(Exercise objective) Please repeat each line below exactly, with no images in the copy.

(Exercise data)
****************************************
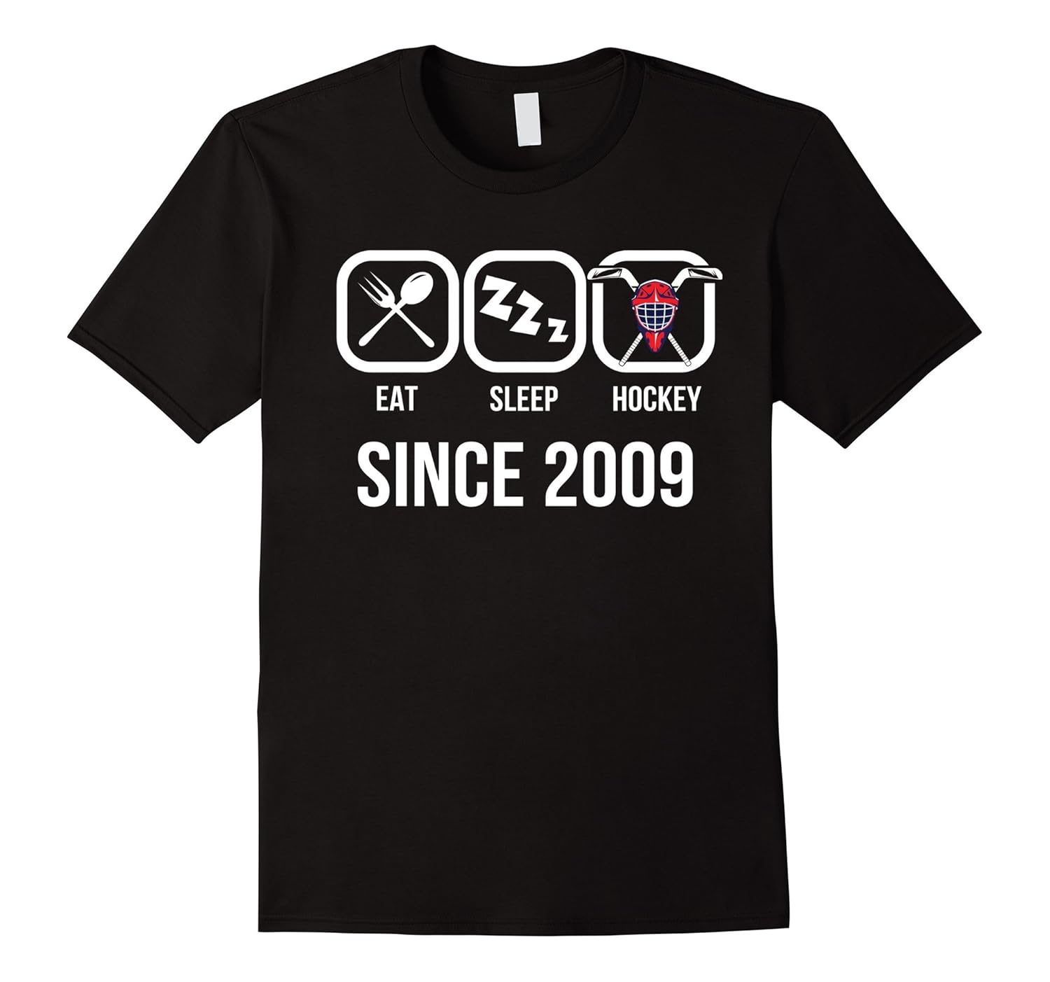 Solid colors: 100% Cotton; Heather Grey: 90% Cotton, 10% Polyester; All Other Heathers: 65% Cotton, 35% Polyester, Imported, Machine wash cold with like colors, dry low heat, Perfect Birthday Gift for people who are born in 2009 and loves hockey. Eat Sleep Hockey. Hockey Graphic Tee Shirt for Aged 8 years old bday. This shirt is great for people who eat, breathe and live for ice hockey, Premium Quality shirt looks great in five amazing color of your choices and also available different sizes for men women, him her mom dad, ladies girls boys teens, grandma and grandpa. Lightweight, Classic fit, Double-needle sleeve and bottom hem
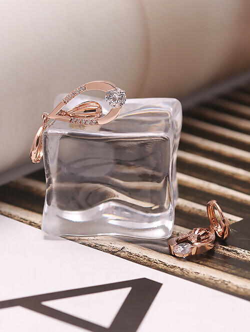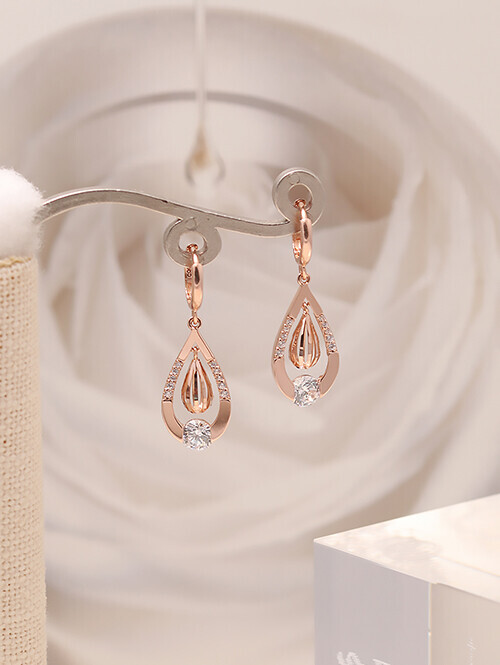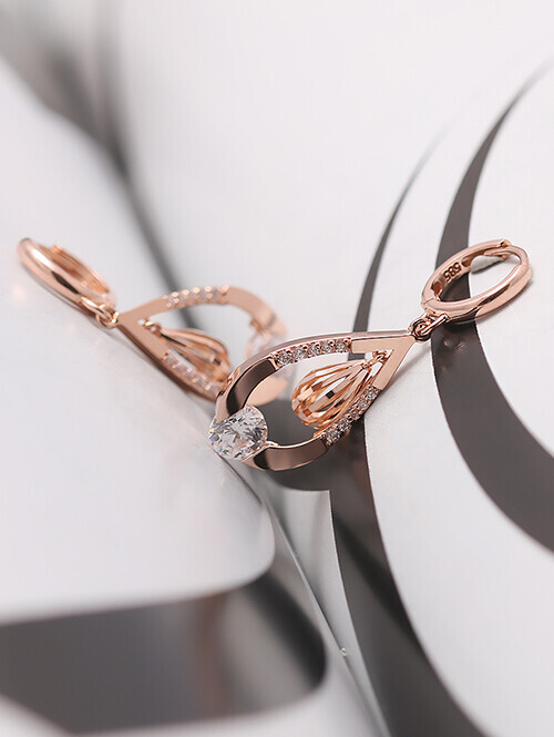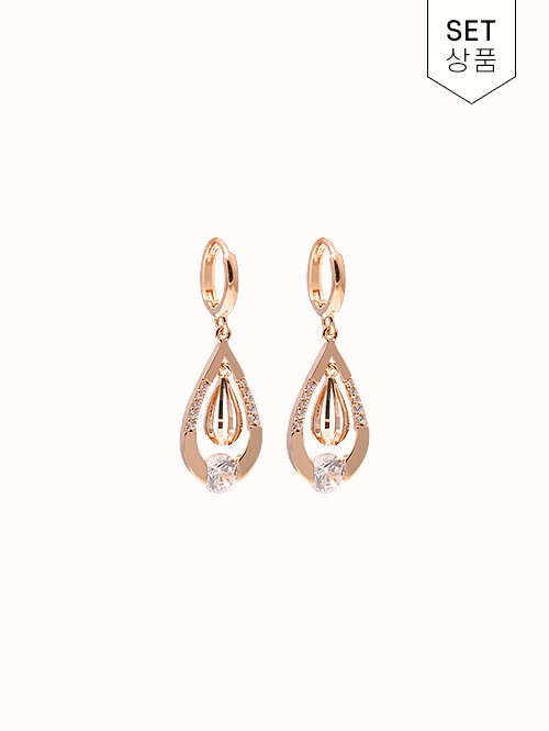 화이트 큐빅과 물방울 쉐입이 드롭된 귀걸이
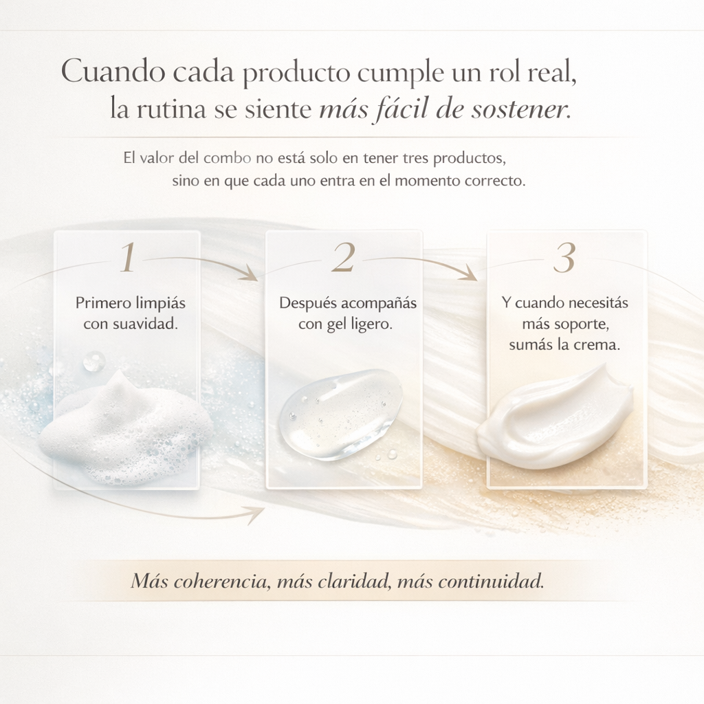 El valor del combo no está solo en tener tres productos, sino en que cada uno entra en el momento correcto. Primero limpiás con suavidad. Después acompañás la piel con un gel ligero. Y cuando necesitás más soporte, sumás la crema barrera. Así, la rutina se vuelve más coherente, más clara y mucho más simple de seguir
****************************************
(Finished task)
 Solid colors: 100% Cotton; Heather Grey: 90% Cotton, 10% Polyester; All Other Heathers: 65% Cotton, 35% Polyester, Imported, Machine wash cold with like colors, dry low heat, Perfect Birthday Gift for people who are born in 2009 and loves hockey. Eat Sleep Hockey. Hockey Graphic Tee Shirt for Aged 8 years old bday. This shirt is great for people who eat, breathe and live for ice hockey, Premium Quality shirt looks great in five amazing color of your choices and also available different sizes for men women, him her mom dad, ladies girls boys teens, grandma and grandpa. Lightweight, Classic fit, Double-needle sleeve and bottom hem
 화이트 큐빅과 물방울 쉐입이 드롭된 귀걸이
 El valor del combo no está solo en tener tres productos, sino en que cada uno entra en el momento correcto. Primero limpiás con suavidad. Después acompañás la piel con un gel ligero. Y cuando necesitás más soporte, sumás la crema barrera. Así, la rutina se vuelve más coherente, más clara y mucho más simple de seguir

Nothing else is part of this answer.